Recorded data:
::::
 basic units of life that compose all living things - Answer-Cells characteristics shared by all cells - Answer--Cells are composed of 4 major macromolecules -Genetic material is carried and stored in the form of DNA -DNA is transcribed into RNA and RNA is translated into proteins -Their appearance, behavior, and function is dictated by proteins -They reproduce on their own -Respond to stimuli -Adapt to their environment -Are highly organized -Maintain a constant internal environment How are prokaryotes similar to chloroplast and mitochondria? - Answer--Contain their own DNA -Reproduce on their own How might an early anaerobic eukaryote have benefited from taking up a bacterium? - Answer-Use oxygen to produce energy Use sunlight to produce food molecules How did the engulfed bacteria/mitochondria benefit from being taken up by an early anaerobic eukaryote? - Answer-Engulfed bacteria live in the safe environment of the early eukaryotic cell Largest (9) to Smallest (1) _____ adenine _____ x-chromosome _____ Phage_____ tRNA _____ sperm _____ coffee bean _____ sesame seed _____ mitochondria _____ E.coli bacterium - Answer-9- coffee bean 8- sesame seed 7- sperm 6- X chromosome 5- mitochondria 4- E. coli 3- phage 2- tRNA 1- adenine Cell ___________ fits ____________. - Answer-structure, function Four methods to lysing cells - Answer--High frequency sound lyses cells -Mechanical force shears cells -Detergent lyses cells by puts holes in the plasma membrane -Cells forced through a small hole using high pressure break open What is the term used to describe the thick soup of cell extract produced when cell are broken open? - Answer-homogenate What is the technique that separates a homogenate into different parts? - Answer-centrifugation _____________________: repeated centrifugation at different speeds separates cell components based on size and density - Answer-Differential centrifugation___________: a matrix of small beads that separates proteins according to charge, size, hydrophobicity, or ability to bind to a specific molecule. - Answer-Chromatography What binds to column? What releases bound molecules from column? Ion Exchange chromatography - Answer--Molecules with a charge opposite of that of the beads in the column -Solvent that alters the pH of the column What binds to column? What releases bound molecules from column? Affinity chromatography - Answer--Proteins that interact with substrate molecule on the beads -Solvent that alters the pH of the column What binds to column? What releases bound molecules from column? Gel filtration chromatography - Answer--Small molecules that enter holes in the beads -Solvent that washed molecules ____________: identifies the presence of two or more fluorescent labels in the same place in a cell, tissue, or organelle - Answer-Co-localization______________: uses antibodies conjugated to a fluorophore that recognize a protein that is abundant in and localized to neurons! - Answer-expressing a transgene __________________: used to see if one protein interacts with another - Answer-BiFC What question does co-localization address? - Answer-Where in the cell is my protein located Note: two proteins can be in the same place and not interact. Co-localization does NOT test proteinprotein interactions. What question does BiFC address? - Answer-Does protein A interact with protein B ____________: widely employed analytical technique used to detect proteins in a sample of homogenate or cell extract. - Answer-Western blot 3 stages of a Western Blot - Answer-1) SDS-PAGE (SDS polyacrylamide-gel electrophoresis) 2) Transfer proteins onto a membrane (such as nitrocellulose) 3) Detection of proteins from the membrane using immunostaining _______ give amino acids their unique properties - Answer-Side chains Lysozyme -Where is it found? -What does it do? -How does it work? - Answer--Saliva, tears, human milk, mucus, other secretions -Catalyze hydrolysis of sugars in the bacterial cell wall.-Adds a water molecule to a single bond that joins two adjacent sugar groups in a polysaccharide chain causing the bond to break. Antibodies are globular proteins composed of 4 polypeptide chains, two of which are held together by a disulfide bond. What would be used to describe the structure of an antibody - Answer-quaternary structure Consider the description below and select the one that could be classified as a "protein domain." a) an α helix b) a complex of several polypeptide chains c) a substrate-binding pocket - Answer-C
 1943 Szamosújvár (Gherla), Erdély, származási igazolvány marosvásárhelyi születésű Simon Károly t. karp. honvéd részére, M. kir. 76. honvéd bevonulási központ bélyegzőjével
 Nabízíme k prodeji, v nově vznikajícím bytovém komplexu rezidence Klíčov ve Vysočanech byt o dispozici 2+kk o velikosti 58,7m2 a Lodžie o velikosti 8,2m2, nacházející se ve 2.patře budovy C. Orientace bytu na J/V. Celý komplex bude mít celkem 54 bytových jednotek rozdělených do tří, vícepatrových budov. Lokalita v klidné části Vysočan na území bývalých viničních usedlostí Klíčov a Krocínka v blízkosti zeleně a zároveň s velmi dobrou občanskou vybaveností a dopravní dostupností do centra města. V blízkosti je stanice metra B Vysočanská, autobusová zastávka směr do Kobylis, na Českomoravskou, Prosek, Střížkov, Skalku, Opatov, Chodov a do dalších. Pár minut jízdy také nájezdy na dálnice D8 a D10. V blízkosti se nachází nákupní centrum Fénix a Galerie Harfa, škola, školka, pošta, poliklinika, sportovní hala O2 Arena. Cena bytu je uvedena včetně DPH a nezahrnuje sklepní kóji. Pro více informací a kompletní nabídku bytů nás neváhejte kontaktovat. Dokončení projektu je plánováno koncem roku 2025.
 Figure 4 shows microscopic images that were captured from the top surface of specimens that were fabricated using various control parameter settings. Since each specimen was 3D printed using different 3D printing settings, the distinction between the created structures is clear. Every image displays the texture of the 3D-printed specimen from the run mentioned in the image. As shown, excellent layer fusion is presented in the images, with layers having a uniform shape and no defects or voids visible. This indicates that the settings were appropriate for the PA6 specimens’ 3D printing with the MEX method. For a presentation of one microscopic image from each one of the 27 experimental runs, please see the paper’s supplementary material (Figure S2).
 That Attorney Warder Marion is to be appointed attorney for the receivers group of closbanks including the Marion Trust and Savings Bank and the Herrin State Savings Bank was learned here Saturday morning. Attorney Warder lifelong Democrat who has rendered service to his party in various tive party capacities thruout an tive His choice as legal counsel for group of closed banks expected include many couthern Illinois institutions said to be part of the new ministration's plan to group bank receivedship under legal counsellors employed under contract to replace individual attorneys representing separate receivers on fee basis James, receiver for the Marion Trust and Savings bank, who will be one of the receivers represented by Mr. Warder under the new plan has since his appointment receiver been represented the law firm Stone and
::::
ASSIGNMENT:
Could you set down each entry above word for word?

ANSWER SPACE:
 basic units of life that compose all living things - Answer-Cells characteristics shared by all cells - Answer--Cells are composed of 4 major macromolecules -Genetic material is carried and stored in the form of DNA -DNA is transcribed into RNA and RNA is translated into proteins -Their appearance, behavior, and function is dictated by proteins -They reproduce on their own -Respond to stimuli -Adapt to their environment -Are highly organized -Maintain a constant internal environment How are prokaryotes similar to chloroplast and mitochondria? - Answer--Contain their own DNA -Reproduce on their own How might an early anaerobic eukaryote have benefited from taking up a bacterium? - Answer-Use oxygen to produce energy Use sunlight to produce food molecules How did the engulfed bacteria/mitochondria benefit from being taken up by an early anaerobic eukaryote? - Answer-Engulfed bacteria live in the safe environment of the early eukaryotic cell Largest (9) to Smallest (1) _____ adenine _____ x-chromosome _____ Phage_____ tRNA _____ sperm _____ coffee bean _____ sesame seed _____ mitochondria _____ E.coli bacterium - Answer-9- coffee bean 8- sesame seed 7- sperm 6- X chromosome 5- mitochondria 4- E. coli 3- phage 2- tRNA 1- adenine Cell ___________ fits ____________. - Answer-structure, function Four methods to lysing cells - Answer--High frequency sound lyses cells -Mechanical force shears cells -Detergent lyses cells by puts holes in the plasma membrane -Cells forced through a small hole using high pressure break open What is the term used to describe the thick soup of cell extract produced when cell are broken open? - Answer-homogenate What is the technique that separates a homogenate into different parts? - Answer-centrifugation _____________________: repeated centrifugation at different speeds separates cell components based on size and density - Answer-Differential centrifugation___________: a matrix of small beads that separates proteins according to charge, size, hydrophobicity, or ability to bind to a specific molecule. - Answer-Chromatography What binds to column? What releases bound molecules from column? Ion Exchange chromatography - Answer--Molecules with a charge opposite of that of the beads in the column -Solvent that alters the pH of the column What binds to column? What releases bound molecules from column? Affinity chromatography - Answer--Proteins that interact with substrate molecule on the beads -Solvent that alters the pH of the column What binds to column? What releases bound molecules from column? Gel filtration chromatography - Answer--Small molecules that enter holes in the beads -Solvent that washed molecules ____________: identifies the presence of two or more fluorescent labels in the same place in a cell, tissue, or organelle - Answer-Co-localization______________: uses antibodies conjugated to a fluorophore that recognize a protein that is abundant in and localized to neurons! - Answer-expressing a transgene __________________: used to see if one protein interacts with another - Answer-BiFC What question does co-localization address? - Answer-Where in the cell is my protein located Note: two proteins can be in the same place and not interact. Co-localization does NOT test proteinprotein interactions. What question does BiFC address? - Answer-Does protein A interact with protein B ____________: widely employed analytical technique used to detect proteins in a sample of homogenate or cell extract. - Answer-Western blot 3 stages of a Western Blot - Answer-1) SDS-PAGE (SDS polyacrylamide-gel electrophoresis) 2) Transfer proteins onto a membrane (such as nitrocellulose) 3) Detection of proteins from the membrane using immunostaining _______ give amino acids their unique properties - Answer-Side chains Lysozyme -Where is it found? -What does it do? -How does it work? - Answer--Saliva, tears, human milk, mucus, other secretions -Catalyze hydrolysis of sugars in the bacterial cell wall.-Adds a water molecule to a single bond that joins two adjacent sugar groups in a polysaccharide chain causing the bond to break. Antibodies are globular proteins composed of 4 polypeptide chains, two of which are held together by a disulfide bond. What would be used to describe the structure of an antibody - Answer-quaternary structure Consider the description below and select the one that could be classified as a "protein domain." a) an α helix b) a complex of several polypeptide chains c) a substrate-binding pocket - Answer-C
 1943 Szamosújvár (Gherla), Erdély, származási igazolvány marosvásárhelyi születésű Simon Károly t. karp. honvéd részére, M. kir. 76. honvéd bevonulási központ bélyegzőjével
 Nabízíme k prodeji, v nově vznikajícím bytovém komplexu rezidence Klíčov ve Vysočanech byt o dispozici 2+kk o velikosti 58,7m2 a Lodžie o velikosti 8,2m2, nacházející se ve 2.patře budovy C. Orientace bytu na J/V. Celý komplex bude mít celkem 54 bytových jednotek rozdělených do tří, vícepatrových budov. Lokalita v klidné části Vysočan na území bývalých viničních usedlostí Klíčov a Krocínka v blízkosti zeleně a zároveň s velmi dobrou občanskou vybaveností a dopravní dostupností do centra města. V blízkosti je stanice metra B Vysočanská, autobusová zastávka směr do Kobylis, na Českomoravskou, Prosek, Střížkov, Skalku, Opatov, Chodov a do dalších. Pár minut jízdy také nájezdy na dálnice D8 a D10. V blízkosti se nachází nákupní centrum Fénix a Galerie Harfa, škola, školka, pošta, poliklinika, sportovní hala O2 Arena. Cena bytu je uvedena včetně DPH a nezahrnuje sklepní kóji. Pro více informací a kompletní nabídku bytů nás neváhejte kontaktovat. Dokončení projektu je plánováno koncem roku 2025.
 Figure 4 shows microscopic images that were captured from the top surface of specimens that were fabricated using various control parameter settings. Since each specimen was 3D printed using different 3D printing settings, the distinction between the created structures is clear. Every image displays the texture of the 3D-printed specimen from the run mentioned in the image. As shown, excellent layer fusion is presented in the images, with layers having a uniform shape and no defects or voids visible. This indicates that the settings were appropriate for the PA6 specimens’ 3D printing with the MEX method. For a presentation of one microscopic image from each one of the 27 experimental runs, please see the paper’s supplementary material (Figure S2).
 That Attorney Warder Marion is to be appointed attorney for the receivers group of closbanks including the Marion Trust and Savings Bank and the Herrin State Savings Bank was learned here Saturday morning. Attorney Warder lifelong Democrat who has rendered service to his party in various tive party capacities thruout an tive His choice as legal counsel for group of closed banks expected include many couthern Illinois institutions said to be part of the new ministration's plan to group bank receivedship under legal counsellors employed under contract to replace individual attorneys representing separate receivers on fee basis James, receiver for the Marion Trust and Savings bank, who will be one of the receivers represented by Mr. Warder under the new plan has since his appointment receiver been represented the law firm Stone and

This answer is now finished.